Speaker
Description
The increasing demand for lightweight, durable, and cost effective aerospace structures has renewed scientific and industrial interest in high performance aluminium alloys. This review aims to systematize and critically evaluate recent developments in aluminium alloys for aerospace structures and applications, with emphasis on the relation between alloy system, processing route, microstructure, functional performance, and service reliability. The study was conducted as a structured narrative review with integrative elements, based on recent peer-reviewed research and review articles published mainly from 2021 to 2026. The literature was classified according to alloy families, representative tempers, advanced processing routes, corrosion and fatigue mechanisms, joining technologies, and sustainability aspects. The synthesis indicates that 2xxx, 7xxx, and aluminium lithium alloys remain the most important alloy groups for aeronautical and space structures, while additively manufactured aluminium alloys are becoming increasingly relevant for lightweight and geometrically complex components.
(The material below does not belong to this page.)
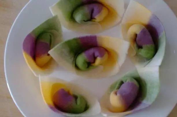 ①紫甘蓝榨汁,菠菜打成泥,南瓜蒸熟压成泥,加入面粉,分别揉出紫色,绿色,黄色的面团,再揉两个白色的。②擀成五个较厚的面片,然后依次叠起来,白色,绿色,紫色,黄色,白色。③叠好后,切下一条,平放在案板上擀成长长的薄片。

The results also show that alloy performance is controlled by coupled effects of alloying, heat treatment, thermomechanical processing, precipitation state, grain structure, defects, surface condition, and environmental exposure. Corrosion fatigue, stress corrosion cracking, additive manufacturing defects, joining related degradation, and sustainable recycling remain key challenges. The literature suggests that aluminium alloys retain a significant aerospace role because they combine low density, mechanical efficiency, manufacturability, repairability, recyclability, and economic viability. Future progress requires integrated alloy design, defect tolerant processing, environmentally safer surface protection, reliable life prediction, and stronger links between materials development and life cycle sustainability.